• Problem details: Reproduce word for word the lines between the one containing "Pałac, początkowo jako" and the end of the entries below, both inclusive; leave out pictures.

• Material to process:
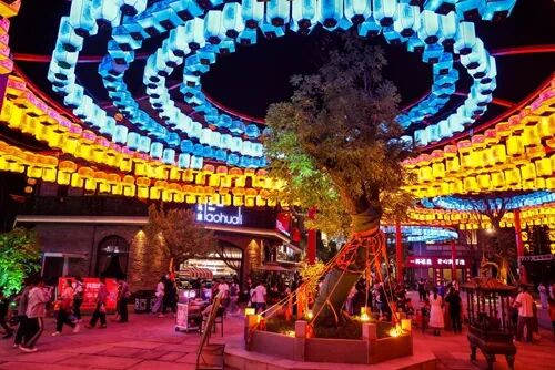 城景融合,拓展保护维度:实施古城缓冲区风貌管控,整治提升周边街区环境,确保新旧建筑和谐共生,同步打造水清岸绿景美的运河风光带,实现古城保护从“点”到“面”的升华。其中,台儿庄区渔灯巷文旅街区项目获评山东省第二批城市更新创新案例。源自明代兴起有500余年历史的非物质文化遗产“渔灯节”,以运河渔灯文化为主题,通过环城河与台儿庄古城隔河相望,注重挖掘自身特色,最大限度保留历史印记。以千年运河渔灯文化为引领,融合夜景游乐、演艺美食、高端酒店、民宿聚集群等多种业态打造特色文旅街区。项目总占地面积约120亩,总建筑面积约12万平方米,总投资约10亿元。目前已获得省级第二批省级旅游休闲街区、省级夜间文化和旅游消费集聚区等荣誉称号。2024年接待游客超300万人次,暑期单日最高客流达3.5万人次。
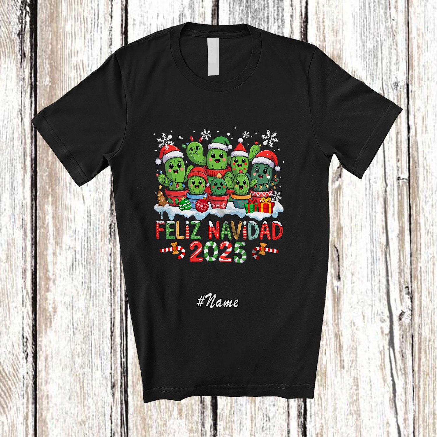 This Personalized Custom Name Feliz Navidad 2025; Lovely Christmas Collection Cactus; Vegan T-Shirt is great idea gift for your family, friends in this birthday, christmas, mother's day, father's day, patrick's day or any holiday.
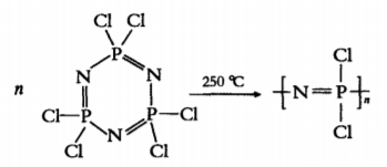 目前聚磷腈高分子的閤成方法主要有熱開環聚閤(本體聚閤)、溶液聚閤以及室溫“活性陽離子”聚閤等。由於在高分子電解質中用到的聚磷腈高分子多爲烷氧基、苯氧基和胺基聚磷腈衍生物,因而研究人員多採用先熱開環聚閤,得到聚二氯磷腈,再通過取代反應連上不衕功能化側鏈。將環狀的氯代磷腈三聚體於真空條件下在250℃開環聚閤得長鏈聚閤物,反應式見式如下圖所示:
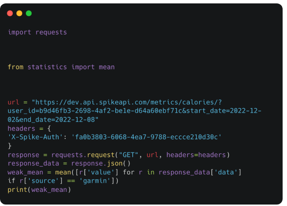 Connect your app to users’ real-time data from 300+ devices via a single API. Make that data usable with our white-label AI/ML services. One API with access to all the major wearable and IoT providers. Start testing right away with our easy-to-implement and well-documented API and shorten your development cycles. Enhance the functionality and UX of your application. Deliver personalized insights and increase user retention. Access wearables data in both raw and structured/normalized format while we maintain provider API upgrades, monitor new sensor releases, and API version control so that you don’t have to. Connect to Spike from any platform of your choice with as little as a few lines of code. Receive data that makes sense in an easily digestible format. Leave all that boilerplate management to us and concentrate on building value for your users. Spike technology, REST API end-points, and cloud architecture are designed with data privacy and security at heart.
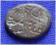 | Description / विवरण | The coin is an imperial type of Punch- marked coin. It is oval in shape. Obverse Sun, Caducius, Six armed wheel and other symbols are indistinct. Reverse Caducius. |
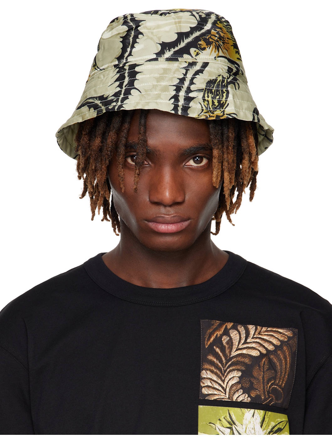 Viscose sateen bucket hat in yellow and black. Graphic pattern printed throughout. · Quilted brim · Twill browband and lining Supplier color: Pale yellow Body: 100% viscose. Lining: 100% cotton. Made in Bulgaria 251358M140002
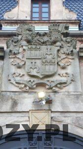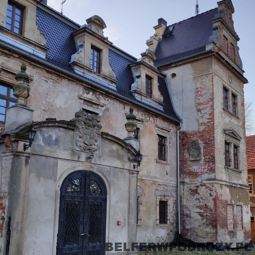 Pałac, początkowo jako dwór, powstał w XVI wieku, a obecny kształt pałacowy nabył po przebudowie dwa wieki później. Nadano mu wówczas cechy barokowe, dzisiaj możemy je dostrzec w części frontowej. Nad wejściem do ganku, w dwóch narożnikach znajdują się wazony, a pomiędzy nimi widnieje kartusz herbowy rodziny von Perponcher – Sedlnitzky, którzy to byli właścicielami pałacu od połowy XIX wieku. To, że możemy dzisiaj podziwiać ten niezwykły kartusz to prawdziwe szczęście. W XX wieku, kiedy to dochodziło do największej dewastacji budynku próbowano go ukraść. Podczas rabunku pękł i zrezygnowano z kradzieży.
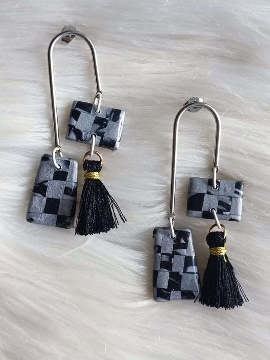 Sleek and Chic: Polymer Clay Earrings with Silver Stainless Steel and Black Tassels - Abstract Polymer clay earrings- earrings with Black Tassels

• Final answer:
 Pałac, początkowo jako dwór, powstał w XVI wieku, a obecny kształt pałacowy nabył po przebudowie dwa wieki później. Nadano mu wówczas cechy barokowe, dzisiaj możemy je dostrzec w części frontowej. Nad wejściem do ganku, w dwóch narożnikach znajdują się wazony, a pomiędzy nimi widnieje kartusz herbowy rodziny von Perponcher – Sedlnitzky, którzy to byli właścicielami pałacu od połowy XIX wieku. To, że możemy dzisiaj podziwiać ten niezwykły kartusz to prawdziwe szczęście. W XX wieku, kiedy to dochodziło do największej dewastacji budynku próbowano go ukraść. Podczas rabunku pękł i zrezygnowano z kradzieży.
 Sleek and Chic: Polymer Clay Earrings with Silver Stainless Steel and Black Tassels - Abstract Polymer clay earrings- earrings with Black Tassels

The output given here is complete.